EXERCISE OBJECTIVE =>
Starting at the line that contains "- sqnz off shoulder" and stopping at the line that contains "Mastic bois poudre Bois clair 200g - Le", restate each line of the records below exactly. Omit the pictures.

PROVIDED INFORMATION =>
········
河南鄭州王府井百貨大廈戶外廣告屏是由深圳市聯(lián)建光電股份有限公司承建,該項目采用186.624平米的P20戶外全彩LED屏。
········
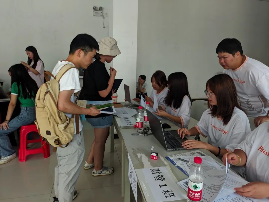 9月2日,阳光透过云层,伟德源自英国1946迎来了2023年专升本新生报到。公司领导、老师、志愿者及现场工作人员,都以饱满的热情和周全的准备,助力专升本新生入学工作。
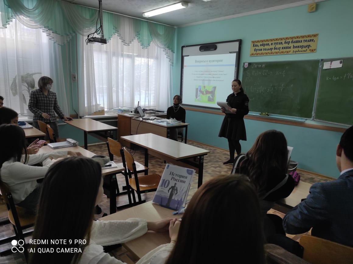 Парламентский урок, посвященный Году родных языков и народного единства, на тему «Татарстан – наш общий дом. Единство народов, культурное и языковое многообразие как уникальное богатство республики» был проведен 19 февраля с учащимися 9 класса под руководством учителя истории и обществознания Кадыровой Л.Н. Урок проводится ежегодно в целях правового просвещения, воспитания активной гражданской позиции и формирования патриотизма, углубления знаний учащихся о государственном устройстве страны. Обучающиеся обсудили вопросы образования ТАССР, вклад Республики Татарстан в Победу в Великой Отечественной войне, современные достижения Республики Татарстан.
········
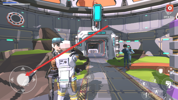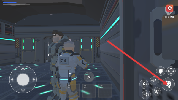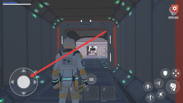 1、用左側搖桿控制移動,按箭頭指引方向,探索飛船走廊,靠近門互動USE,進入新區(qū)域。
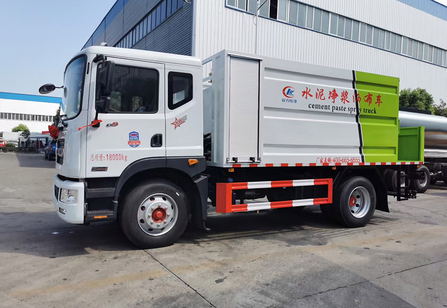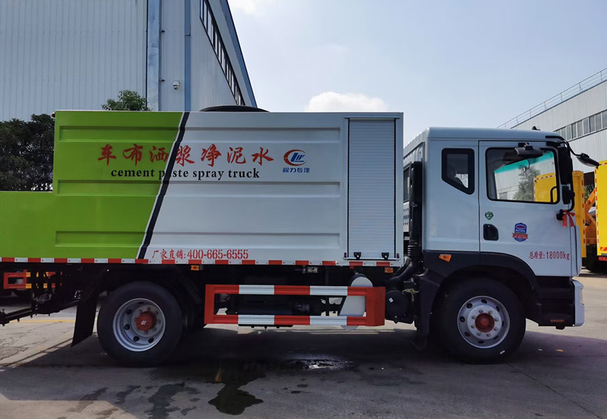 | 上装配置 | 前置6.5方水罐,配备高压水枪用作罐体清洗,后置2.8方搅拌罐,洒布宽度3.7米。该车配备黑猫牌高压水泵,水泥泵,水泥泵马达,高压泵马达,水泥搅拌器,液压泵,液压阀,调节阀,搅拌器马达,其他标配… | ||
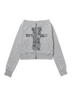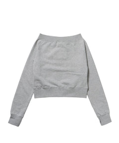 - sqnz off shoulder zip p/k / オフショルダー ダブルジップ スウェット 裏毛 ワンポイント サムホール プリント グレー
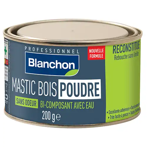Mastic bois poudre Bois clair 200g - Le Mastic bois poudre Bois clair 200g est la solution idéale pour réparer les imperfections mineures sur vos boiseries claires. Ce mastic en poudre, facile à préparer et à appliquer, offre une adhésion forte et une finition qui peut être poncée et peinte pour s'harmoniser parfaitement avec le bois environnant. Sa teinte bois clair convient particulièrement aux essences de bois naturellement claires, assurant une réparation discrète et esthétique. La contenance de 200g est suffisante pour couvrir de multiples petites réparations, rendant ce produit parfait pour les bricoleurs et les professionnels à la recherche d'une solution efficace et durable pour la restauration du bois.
········
EXERCISE RESPONSE =>
 - sqnz off shoulder zip p/k / オフショルダー ダブルジップ スウェット 裏毛 ワンポイント サムホール プリント グレー
Mastic bois poudre Bois clair 200g - Le Mastic bois poudre Bois clair 200g est la solution idéale pour réparer les imperfections mineures sur vos boiseries claires. Ce mastic en poudre, facile à préparer et à appliquer, offre une adhésion forte et une finition qui peut être poncée et peinte pour s'harmoniser parfaitement avec le bois environnant. Sa teinte bois clair convient particulièrement aux essences de bois naturellement claires, assurant une réparation discrète et esthétique. La contenance de 200g est suffisante pour couvrir de multiples petites réparations, rendant ce produit parfait pour les bricoleurs et les professionnels à la recherche d'une solution efficace et durable pour la restauration du bois.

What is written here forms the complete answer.